Apple wants more than to stop Samsung's smart phones from launching. Mindful that Android already controls half the market, it is setting its sights on making a royalty on every Android phone sold.

Experts predict that Apple's iPhone 5 will be the best selling smart phone of all time, and could even boost our GDP by 0.5 percent. But Apple might be intending to take an even bigger bite out of the market, by going after every device maker in the smart phone market.

At the end of the day, not everyone will buy an iPhone, but most people are expected to buy a smart phone. Although the Samsung and Apple trial dominated the news as of late, the real reason why Apple might be going after Samsung is to indirectly cash in on the success of Android and its open ecosystem.

At first glance, it might appear that Apple won against Samsung in court, but with more than 14,000 press articles covering all angles of the case it's hard to make sense of the outcome based on casual analysis.

A more complex Apple battle plan than meets the eye is unfolding, Sumon Sadhu, the director of intelligence at text analytics startup Quid, told BYTE. "Apple's battle against Samsung was intended to be the spark to set a precedent of obtaining royalties from every Android device maker," said Sadhu, who used Quid software to break down all of the lawsuit-related articles into consumable categories and generate insight.

"If [Apple] was able to obtain this judgment as opposed to a settlement, we could anticipate a situation where every mobile device on iOS, Android, and Windows Phone would directly contribute to Apple's profit streams," said Sadhu. "That has bigger implications than launching a new iPhone."

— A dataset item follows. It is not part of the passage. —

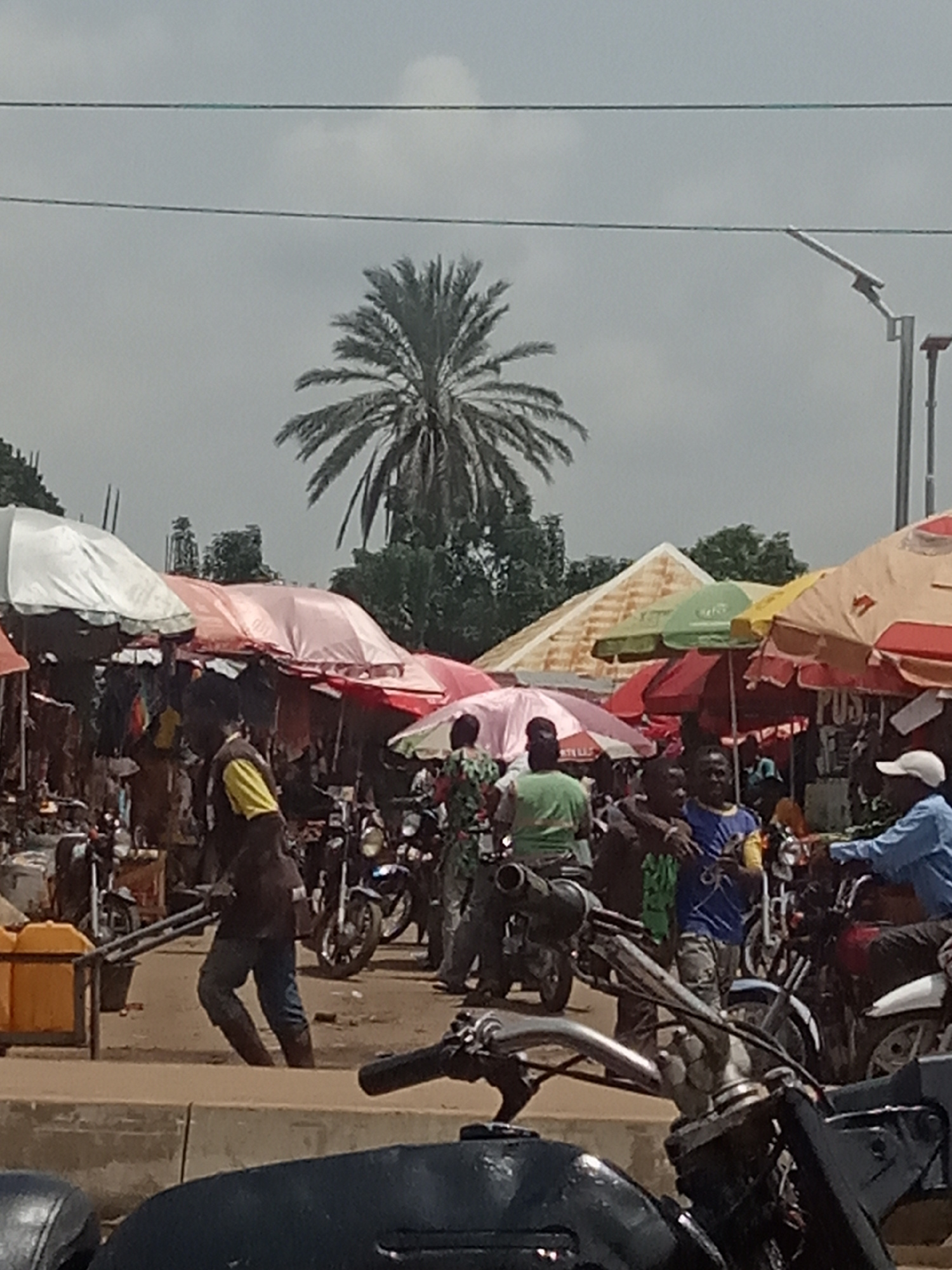 This image captures a vibrant and busy outdoor market scene in Akwanga, Nigeria, under an overcast sky. The setting is a bustling street or market square, characterized by a multitude of people, motor…read more

Apple might be a dominant company in Cupertino with plans for a spaceship-like campus, but Samsung headquarters in South Korea is practically its own village, and its dominance in its local economy is massive. Apple might appear to be the winner in the patent case, but it didn't exactly get what it wanted. First, Apple didn't get the $2.5 billion it sought.

Beyond all the glitz and glamor of new products, licensing deals emerge as Apple's other market share. By nature, Apple's OS is a closed system for innovation. Android is an open system. Instead of ignoring it, Apple wants to capitalize on it. However, because Google is not a hardware company, Apple can't directly sue Google.

Thus Apple's decision to go after Samsung. The South Korean electronics company is, after all, the world's largest marker of phones, who also happens to be the largest distributor of the Android operating system.

The U.S. case of Apple versus Samsung began in April 2011 after Apple claimed that Samsung was copying the iPad and iPhone look and feel with its Nexus Z, Epic 4G, Galaxy S 4G, and Samsung Galaxy Tab. The judge ordered that Samsung pay $1 billion to Apple.

The result of that trial won't influence the sales of Galaxy S III and Galaxy Note smartphones--Samsung's latest devices--or devices sold outside the US.

A Sept. 20 injunction hearing has been scheduled, and depending on the outcome, it would affect a number of Samsung devices, according to The Verge. A possible outcome could be for Samsung to pay Apple royalties on each phone that is sold.